## Task
In the entries below, find the line with "卸籠系統是將殺菌完成后的實罐", then set it down exactly along with each line after it to the end, skipping any pictures.

## Provided material
•••
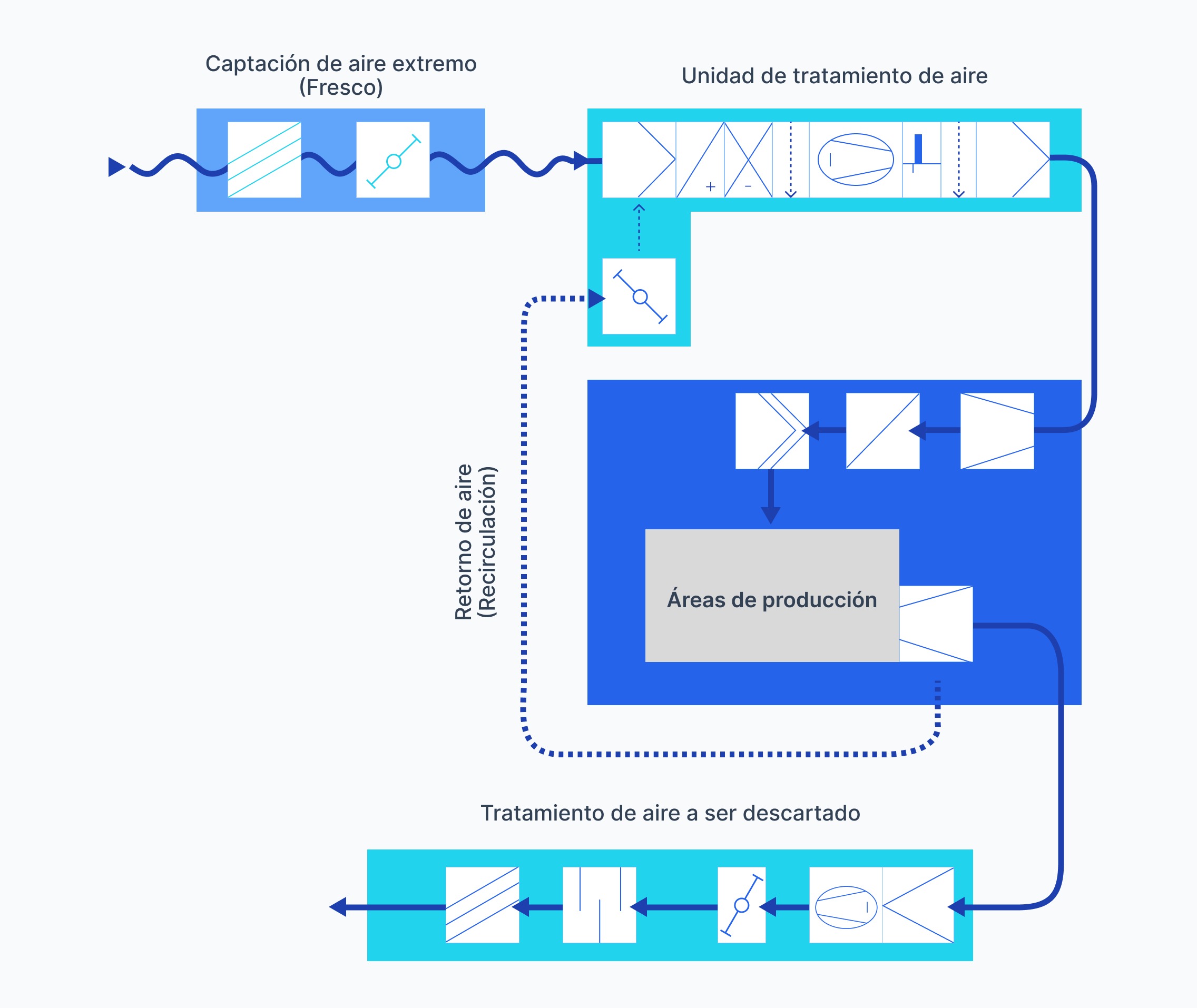 Además, se pueden añadir otros procesos como humidificación, deshumidificación, extracción y generación de vacío. Estos procesos pueden lograrse mediante equipos específicos diseñados para cada necesidad.
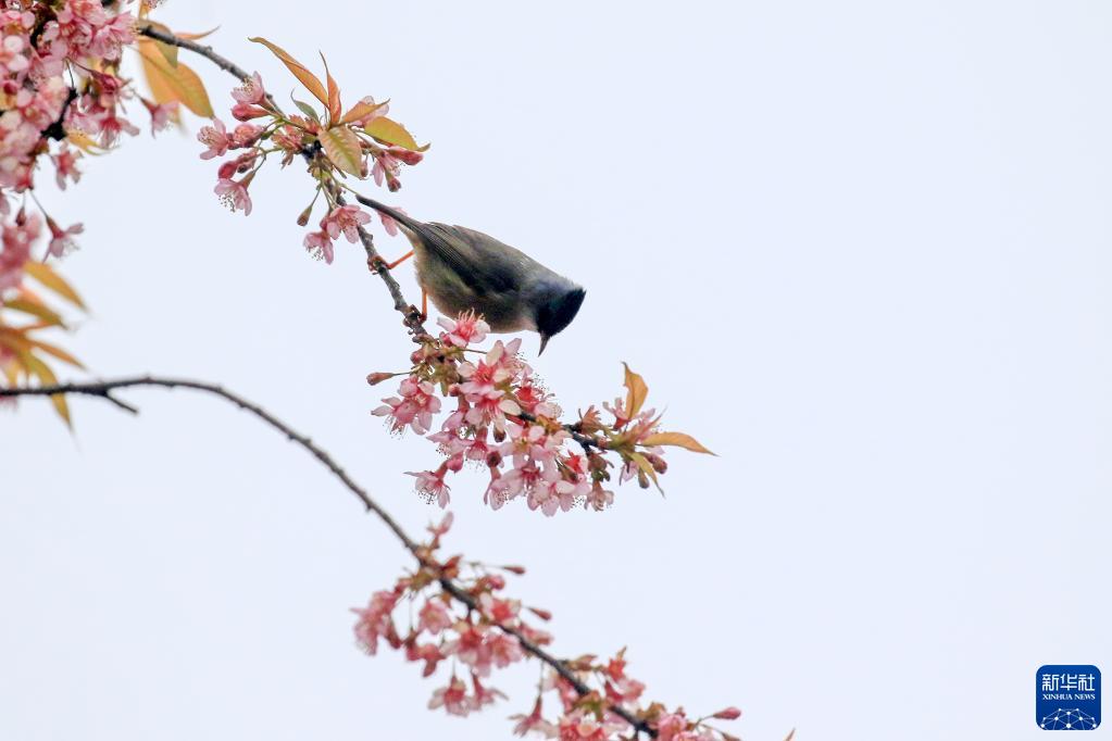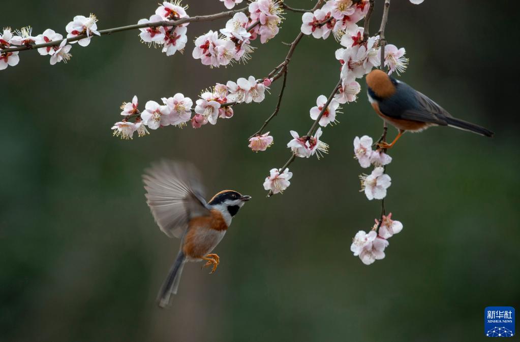2月4日,在江蘇省無錫市管社山莊,小鳥在花間嬉戲。
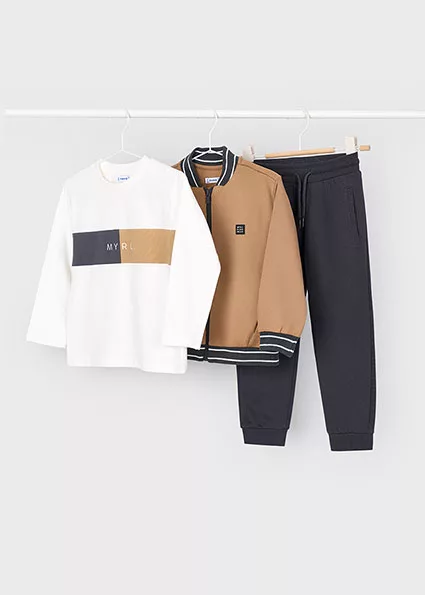 Chándal de tres piezas para niño compuesto por una sudadera, un pantalón largo deportivo y una camiseta a juego.
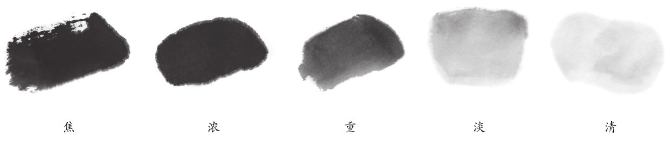 “墨分五色”更多的是讨论墨色的深浅,常常指“焦、浓、重、淡、清”。焦墨是半干的墨汁,乌黑而有光泽;浓墨是深黑的墨汁,加了水分而不显光泽;重墨含水比浓墨多,色相稍浅;淡墨的含水量较多,色相更浅;清墨只有极淡的墨迹,甚至全是水。
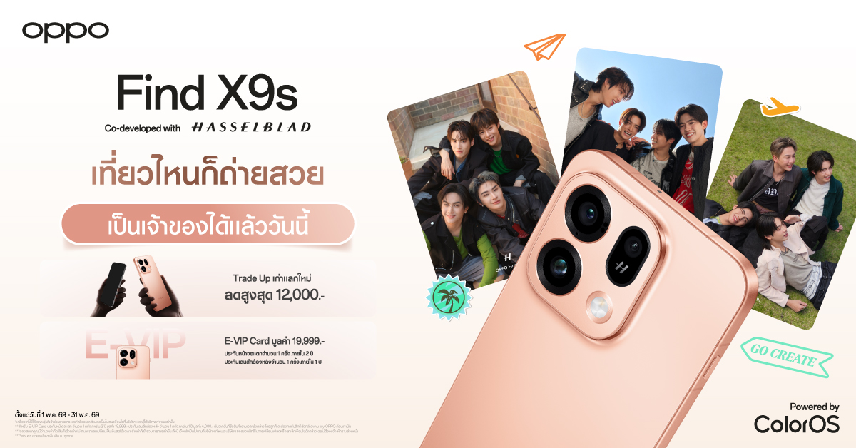 ออปโป้ ประเทศไทย ประกาศวางจำหน่าย “OPPO Find X9 Ultra” อย่างเป็นทางการ สมาร์ตโฟนแฟลกชิปรุ่นใหม่ที่พร้อมพาไปสัมผัสประสบการณ์สมาร์ตโฟนกล้องระดับอัลตราที่แท้จริง ตอบโจทย์คนรุ่นใหม่ที่ชื่นชอบการไปคอนเสิร์ต และสายรักการท่องเที่ยวที่ต้องการภาพถ่ายและวิดีโอคุณภาพระดับมืออาชีพในทุกเฟรม ชูจุดเด่นด้วยกล้องระดับอัลตราที่พัฒนาร่วมกับ Hasselblad แบรนด์กล้องระดับตำนาน กล้อง Hasselblad 50MP เทเลโฟโต้ ซูมออปติคอล 10 เท่า ครั้งแรกในอุตสาหกรรม
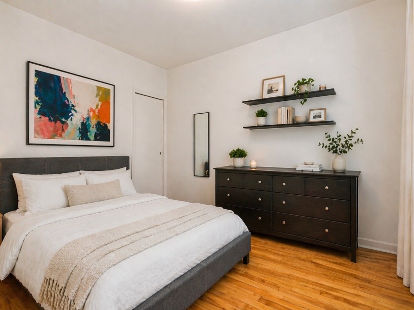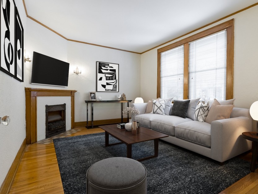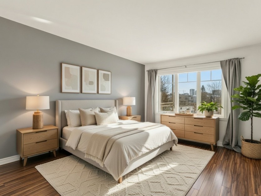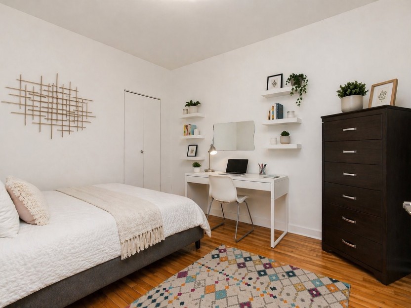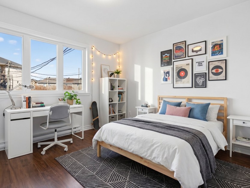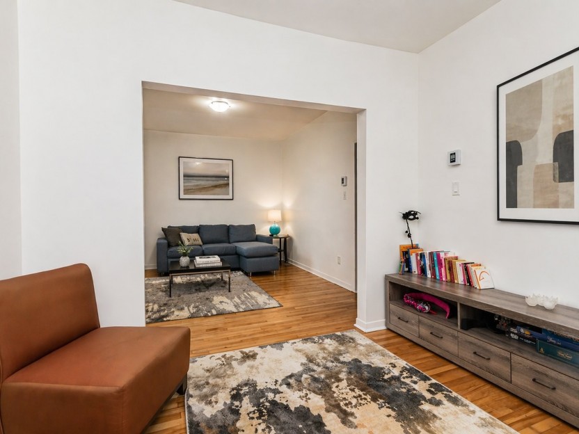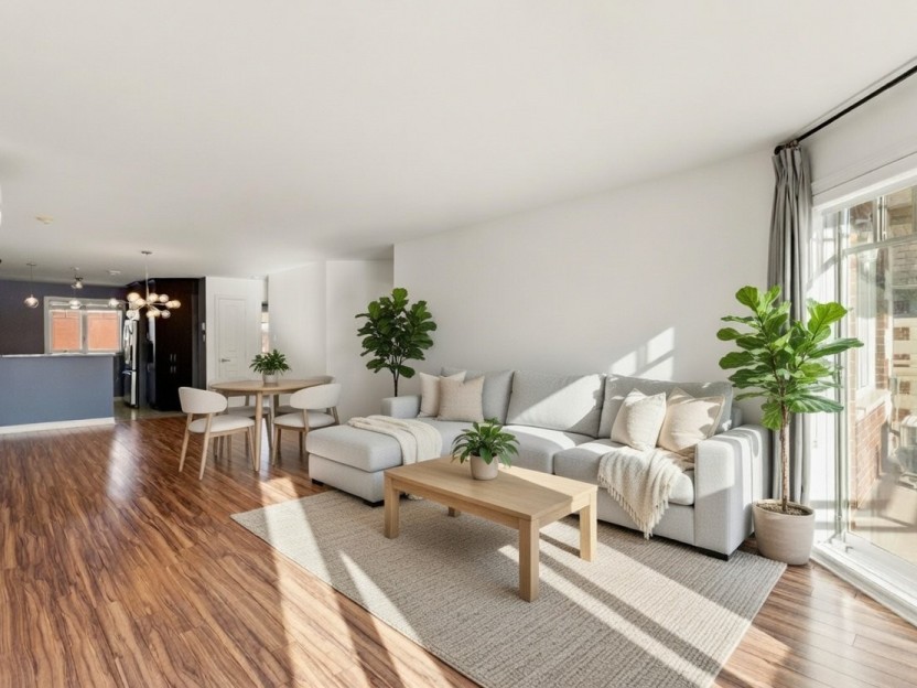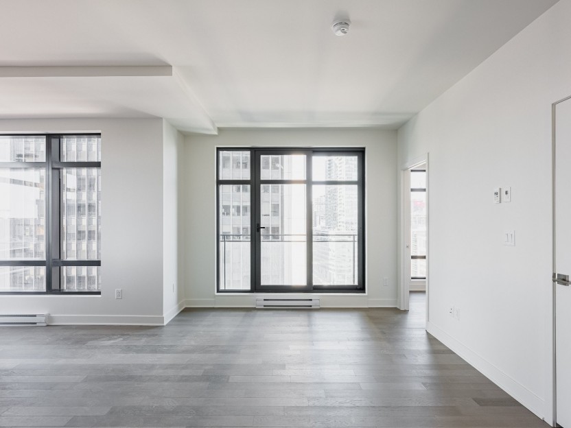 Appartement de coin fonctionnel et bien éclairé grâce à sa fenestration sur troi...
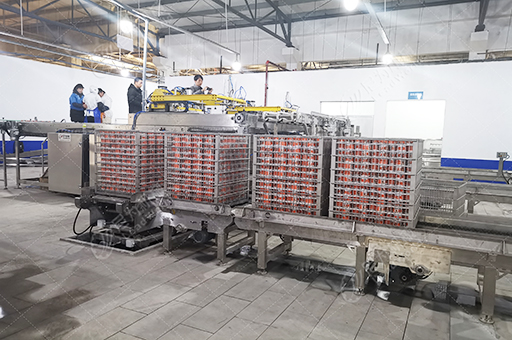 卸籠系統是將殺菌完成后的實罐整體、逐層、平穩地推至卸籠網帶線上,再借由輸送線傳至噴洗、吹干、噴碼、包裝等下道工序,整個卸籠過程可自動回收隔板至隔板庫,以便后續裝籠機循環使用隔板;自動卸瓶,食品筐內產品自動升降,直至卸完籠筐,空籠自動停止卸籠作業。
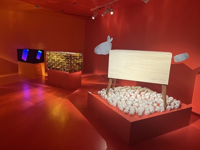 Επίσης προβάλλονται συνεντεύξεις με τους δημιουργούς - οραματιστές των μπαούλων, ενώ η επισκέψιμη αποθήκη είναι γεμάτη με κλιμακωτά ξύλινα κιβώτια που αποτελούν το σκηνικό για μια λεγεώνα συνεργατικών μπαούλων. Εδώ, το ευφάνταστο πνεύμα της συνεργατικής έκθεσης ζωντανεύει, με αρκετές αριστουργηματικές ιδέες, όπως ο χρωματιστός κορμός του Studio Proba, η ερμηνεία The Beauty of Edible Things (2021) της Carolien Niebling και το Gradual Pattern take του Cao Yuxi.
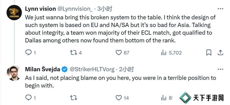 而LVG则回复道:“我们只是想把这个有缺陷的系统摆到台面上来讨论。我认为这样的系统设计是基于欧洲、北美和南美的情况,但它对亚洲来说实在太糟糕了。说到诚信问题,有一支战队在欧洲挑战赛(ECL)的比赛中赢下了大部分场次,获得了参加达拉斯赛事的资格等等,现在却发现他们在排名中处于垫底位置。”
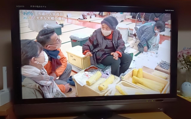 可愛いおばあちゃんが、おっきい沢庵売ってますね。
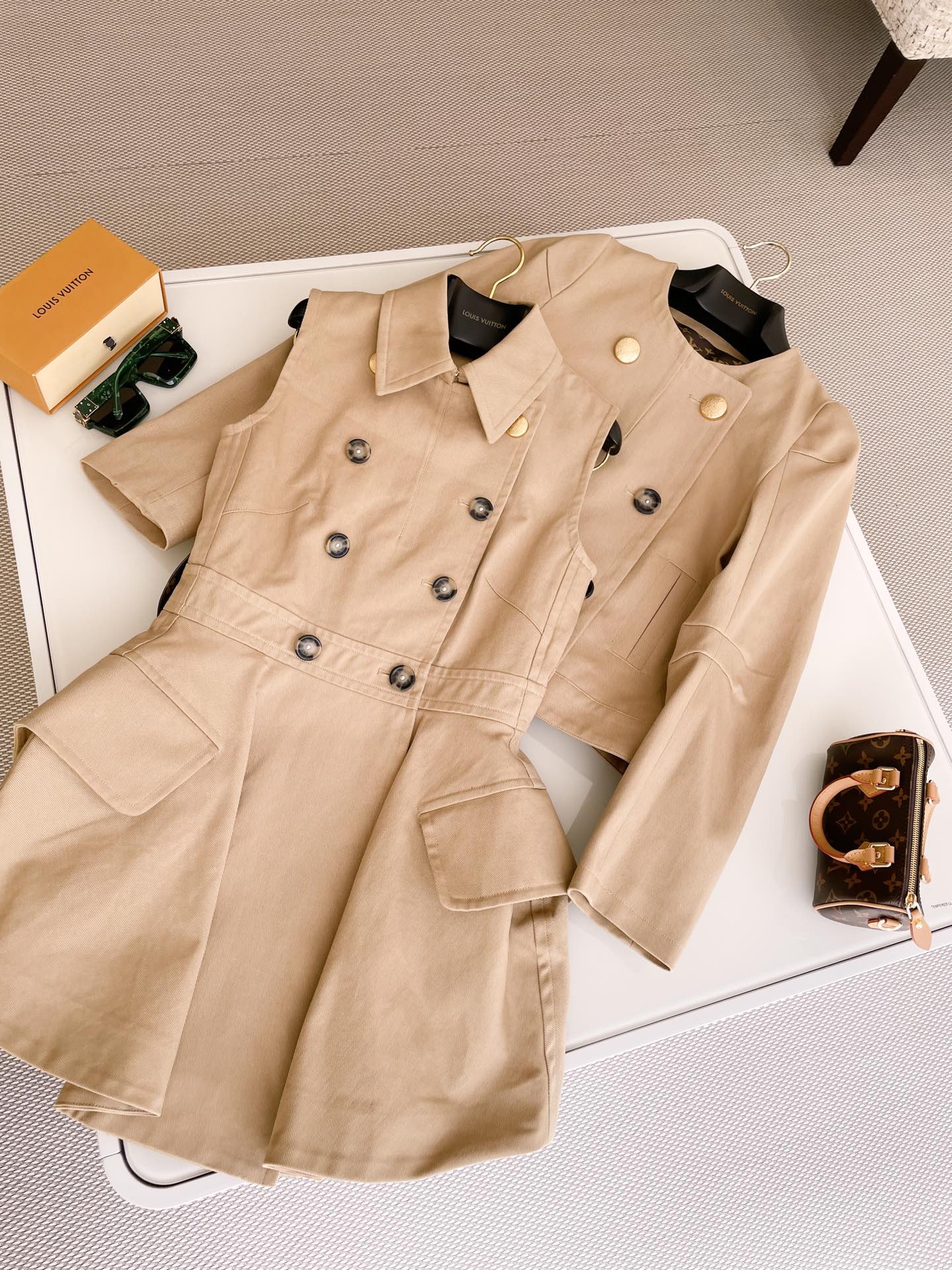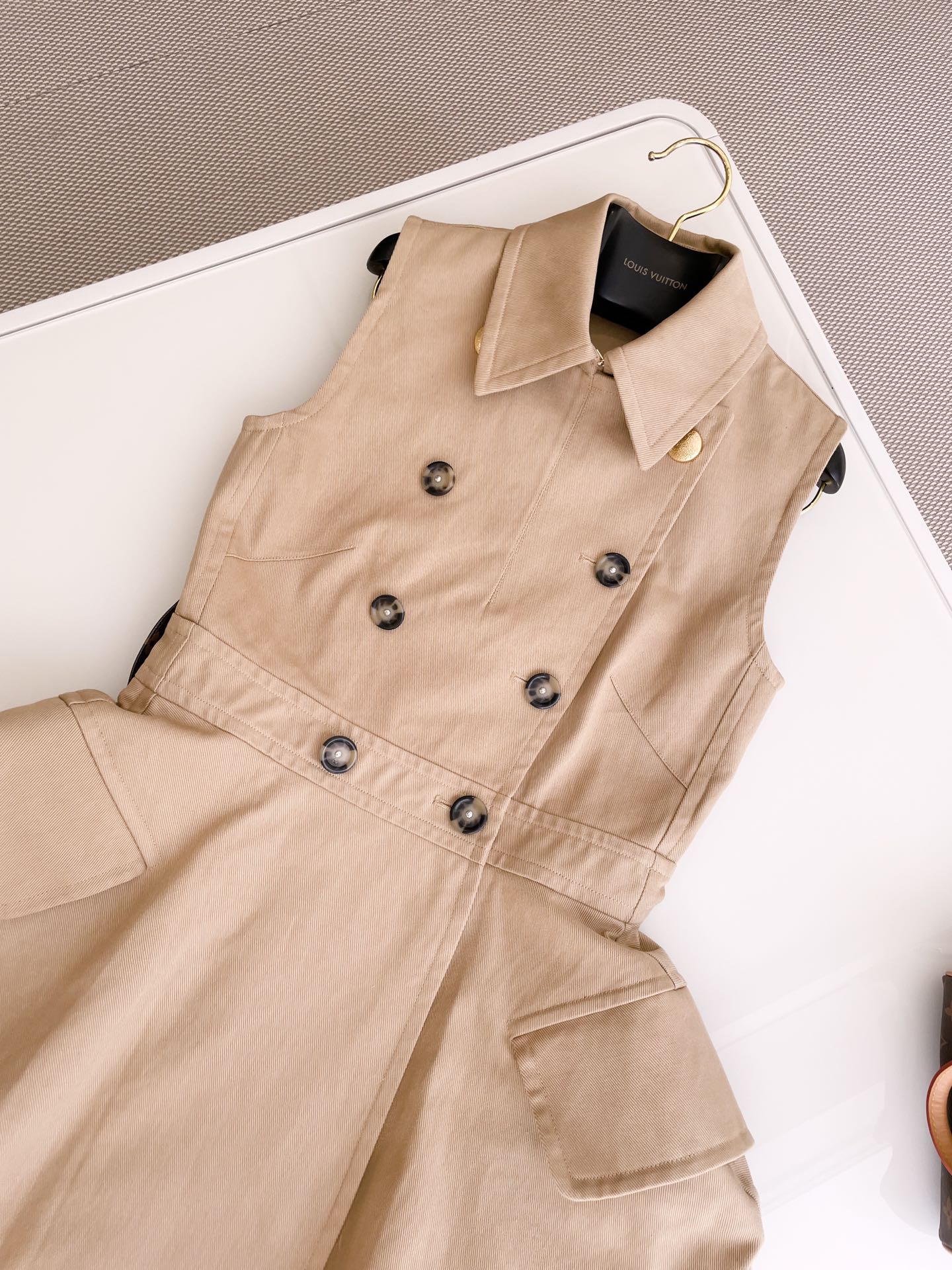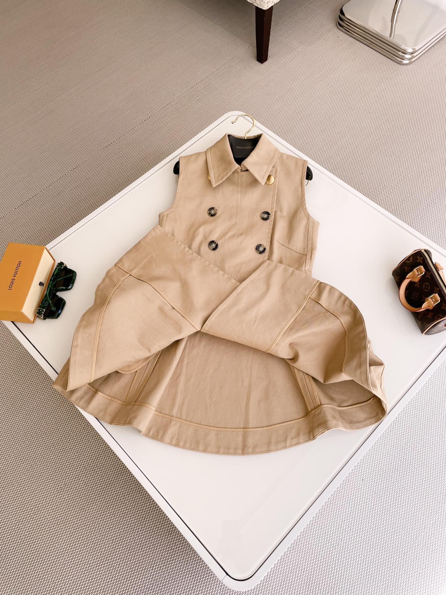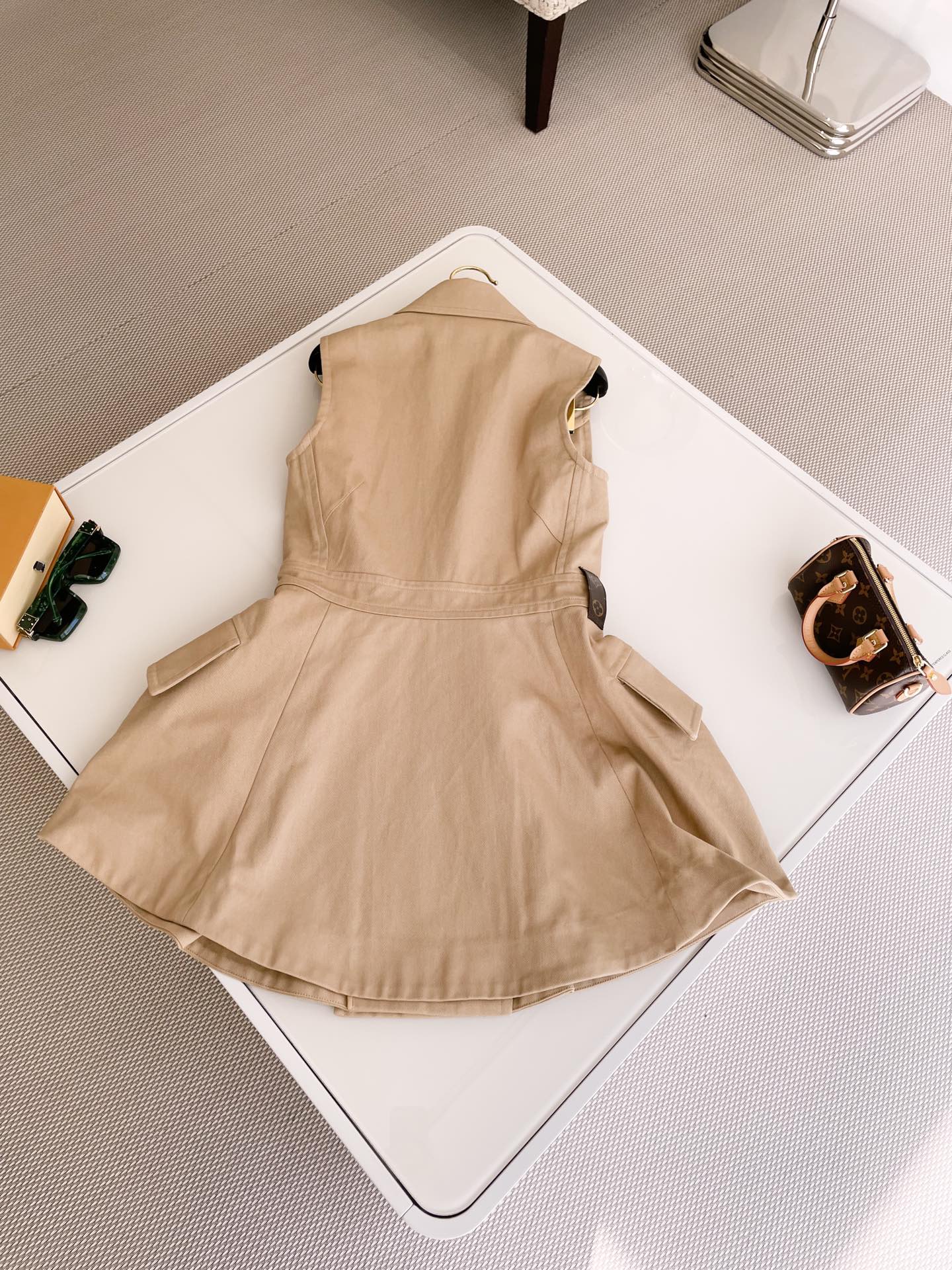 NIGO Louis Vuitton Women's Summer Cotton Solid Color Lapel Double Breasted Short Gabardine Waisted Sleeveless Dresses Ngvp #nigo8836
•••
## Problem solution
 卸籠系統是將殺菌完成后的實罐整體、逐層、平穩地推至卸籠網帶線上,再借由輸送線傳至噴洗、吹干、噴碼、包裝等下道工序,整個卸籠過程可自動回收隔板至隔板庫,以便后續裝籠機循環使用隔板;自動卸瓶,食品筐內產品自動升降,直至卸完籠筐,空籠自動停止卸籠作業。
 Επίσης προβάλλονται συνεντεύξεις με τους δημιουργούς - οραματιστές των μπαούλων, ενώ η επισκέψιμη αποθήκη είναι γεμάτη με κλιμακωτά ξύλινα κιβώτια που αποτελούν το σκηνικό για μια λεγεώνα συνεργατικών μπαούλων. Εδώ, το ευφάνταστο πνεύμα της συνεργατικής έκθεσης ζωντανεύει, με αρκετές αριστουργηματικές ιδέες, όπως ο χρωματιστός κορμός του Studio Proba, η ερμηνεία The Beauty of Edible Things (2021) της Carolien Niebling και το Gradual Pattern take του Cao Yuxi.
 而LVG则回复道:“我们只是想把这个有缺陷的系统摆到台面上来讨论。我认为这样的系统设计是基于欧洲、北美和南美的情况,但它对亚洲来说实在太糟糕了。说到诚信问题,有一支战队在欧洲挑战赛(ECL)的比赛中赢下了大部分场次,获得了参加达拉斯赛事的资格等等,现在却发现他们在排名中处于垫底位置。”
 可愛いおばあちゃんが、おっきい沢庵売ってますね。
 NIGO Louis Vuitton Women's Summer Cotton Solid Color Lapel Double Breasted Short Gabardine Waisted Sleeveless Dresses Ngvp #nigo8836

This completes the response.